A gold loan, sometimes referred to as a loan against gold, is a secured loan that a borrower takes from a lender. The borrower needs to pledge gold jewellery or things made of gold to take the loan. Lenders typically approve you for a loan up to a particular percentage of the gold’s worth. You can pay it back in monthly instalments, and then you’ll get your gold items back.
There are no limitations on how gold loans can be used, unlike other secured loans like a mortgage or car loan. Therefore, it is a perfect way to fulfil your unexpected financial demand, whether it be for a wedding or your child’s education. In addition, many commercial and nationalised financial institutions provide a low gold loan rate. A gold loan has a lower interest rate than unsecured loans like a personal loan due to the fact that a gold loan is secured. Various factors, including the length of the gold loan and the loan amount, affect the interest rates charged on gold loans.
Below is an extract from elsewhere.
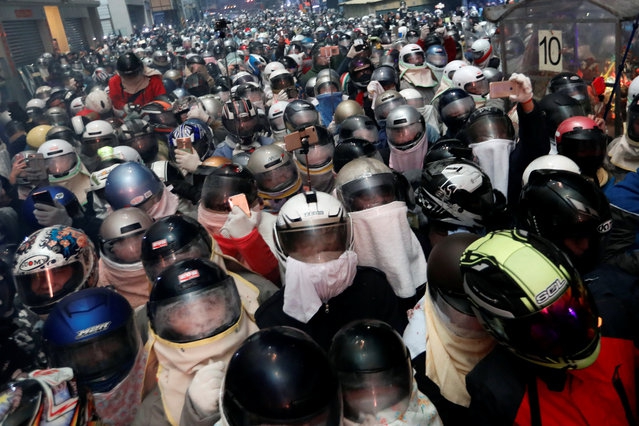 2018年3月2日,臺灣臺南,鹽水蜂炮火熱登場。鹽水蜂炮是臺灣元宵節(jié)時著名的地方民俗活動,指許多沖天炮組成的大型發(fā)炮臺,點燃時萬炮齊發(fā),有如蜂群傾巢而出,故稱“蜂炮”。

A gold loan is a type of secured lending that enables borrowers to get large sums of money in exchange for valuable gold jewellery. According to the RBI’s existing regulations, lenders may offer up to 75% of the value of the gold that is pledged. Lenders evaluate the market worth of your gold jewellery when applying for a loan because gold prices fluctuate frequently. You must find a lender offering the lowest gold loan rate to reduce the payback amount significantly.
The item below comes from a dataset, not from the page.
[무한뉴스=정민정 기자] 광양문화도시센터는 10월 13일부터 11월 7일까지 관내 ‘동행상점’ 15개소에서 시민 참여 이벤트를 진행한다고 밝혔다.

Main variables affecting interest rates on gold loans:
● Monthly income-
Loan against gold have more specific and flexible requirements than unsecured loans. The lender specifies a few eligibility requirements when a borrower asks for a gold loan. A steady income lowers the gold loan rate that the lender charges in relation to the loan amount you want to take out. This is a result of the lender’s faith in your capacity to repay the loan. Conversely, greater interest rates can be applied to borrowers with lesser incomes.
● The market price of gold-
The value of the gold ornaments that have been promised will increase if the market price of gold is on the higher side. Additionally, the amount of the loan you can get depends on the value of the pledged gold jewellery. Lenders typically provide up to 75% of your gold’s total market worth. Lenders may provide attractive loan rates if the price of gold is high because there is little chance that they will lose money.
● Demand & supply-
The price of gold is influenced by supply and demand, just like any other market transaction of a good or service. However, only the gold that has been mined up to this point is offered on the market. This number is limited due to the relatively low annual global gold mining output. As a result, the supply does not increase when demand increases. This could lead to fluctuations in the price of gold. Finding a lender offering cheap interest rates on gold loans may be challenging. You can calculate your gold loan EMI with a gold loan EMI calculator.